An official investigation has found that Child, Youth and Family Services failed to act on more than 200 cases of child neglect last year until it had been notified more than 10 times.
The inquiry by Children's Commissioner John Angus found that in the most extreme case it took 29 notifications of a family before the service determined that a child was being neglected and took action.
It reports widespread frustration by doctors, teachers and other professionals, who reported families to the service and felt that nothing was done about it.
"You are waiting for something to happen, you are waiting for them to be run over in the driveway or burn their arm," one health professional told the inquiry.
"Some days I walk away and I just wish something would happen ... because then I would get some help."
A teacher said: "Kids do us a favour by committing a crime because Youth Justice gets involved and wraparound services are provided."
The inquiry found that, in contrast to huge attention paid to child abuse, official agencies have no agreed definition of the more common problem of neglect.
An inter-agency guide to child abuse produced by CYF defines neglect as "any act or omission that results in impaired physical functioning, injury and/or development of a child".
But the inquiry says this leaves out acts or omissions that risk harm to the child, so CYF fails to intervene in practice unless there is actual harm or a clear threat of physical harm.
"Stakeholders external to Child, Youth and Family perceived a large discrepancy between their thresholds for neglect and the threshold held by Child, Youth and Family professionals," the report says.
Other experts interviewed for the report acknowledge that neglect, unlike abuse, can't always be assessed on the basis of a single incident, so multiple notifications over time may be needed.
But the report questions the 229 cases where it took at least 10 notifications, including 18 cases of more than 20 notifications, before findings of neglect were made.

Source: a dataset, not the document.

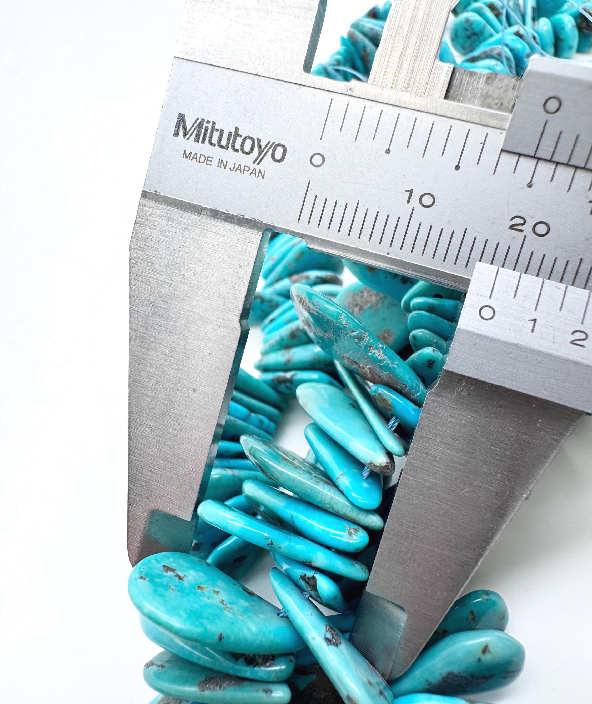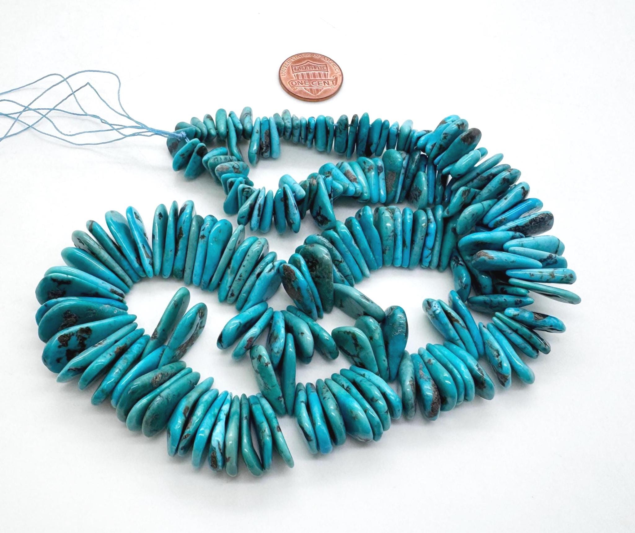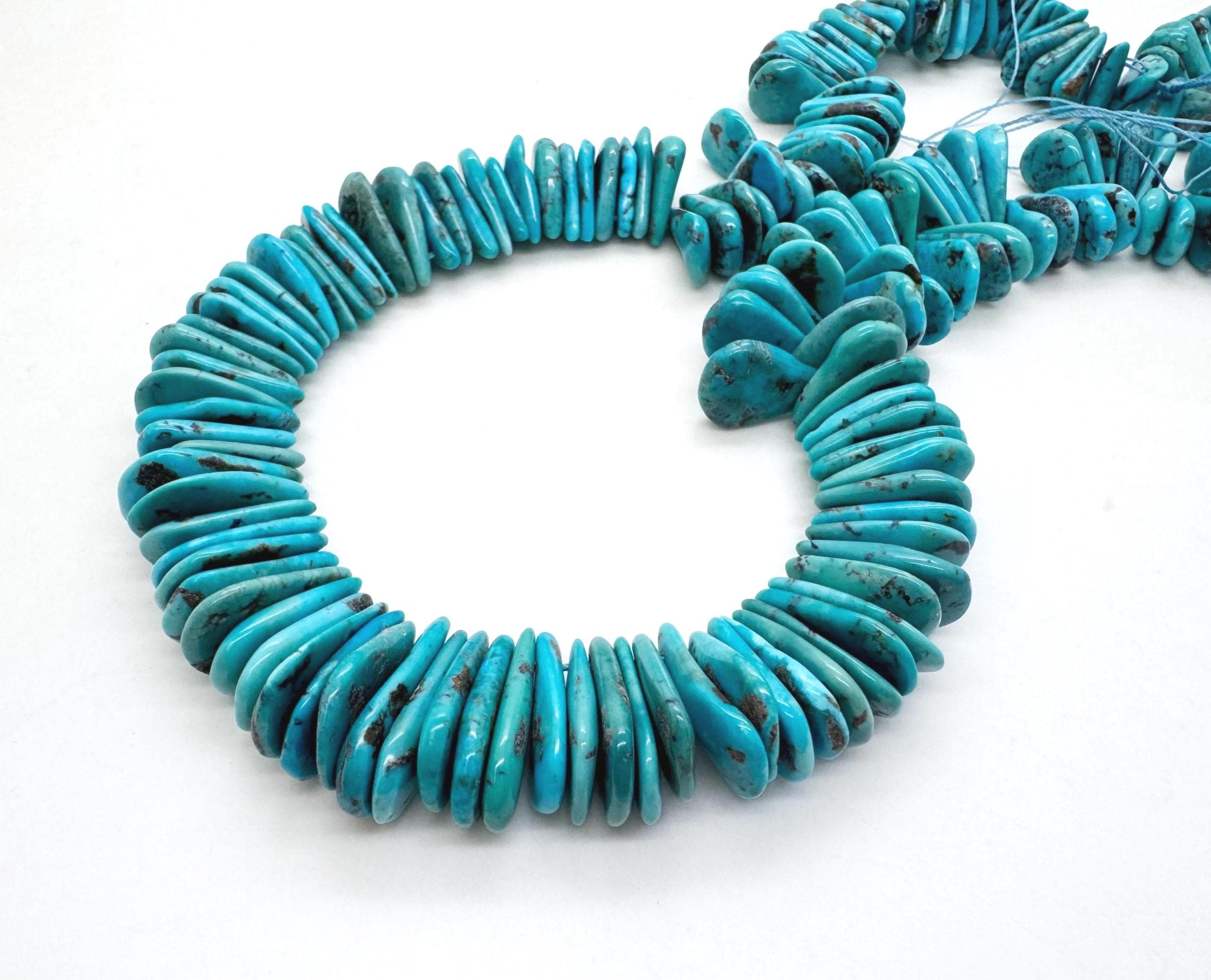 Elevate your artisan designs with the vibrant, sun-drenched energy of genuine Kingman Turquoise. This premium strand features expertly cut flat tab beads that are masterfully graduated, fanning out from 11mm at the ends to a bold, striking 18mm center focal. Sourced from the legendary Kingman mine in Arizona, these tapered slabs showcase a clear, high-saturation "Sky Blue" color with a fine, natural matrix that ensures every design is 100% unique.

"An audit of these cases with an extreme number of notifications could be considered to understand why so many notifications were made prior to a child protection response."
The number of cases of confirmed neglect - 4240 last year, or 0.4 per cent of all children - is believed to be "the tip of the iceberg". A survey in 2005 found 9 per cent of adults said they had been neglected in childhood.
Neglect is closely linked with poverty. Confirmed cases last year included 1.7 per cent of all children in the poorest fifth of the country but 0.1 per cent of children in the richest fifth.
Most cases are also linked with either alcohol and drug addictions or mental health problems, such as post-natal depression.
The report urges all agencies to agree on how to recognise child neglect, including "red flags" in the CYF notification system and alerts in the school enrolment system.
CYF head Ray Smith said his agency was "working with other agencies to consider possible improvements to the ways in which data on child maltreatment is collected and reported, including the use of shared definitions or a common understanding for child maltreatment".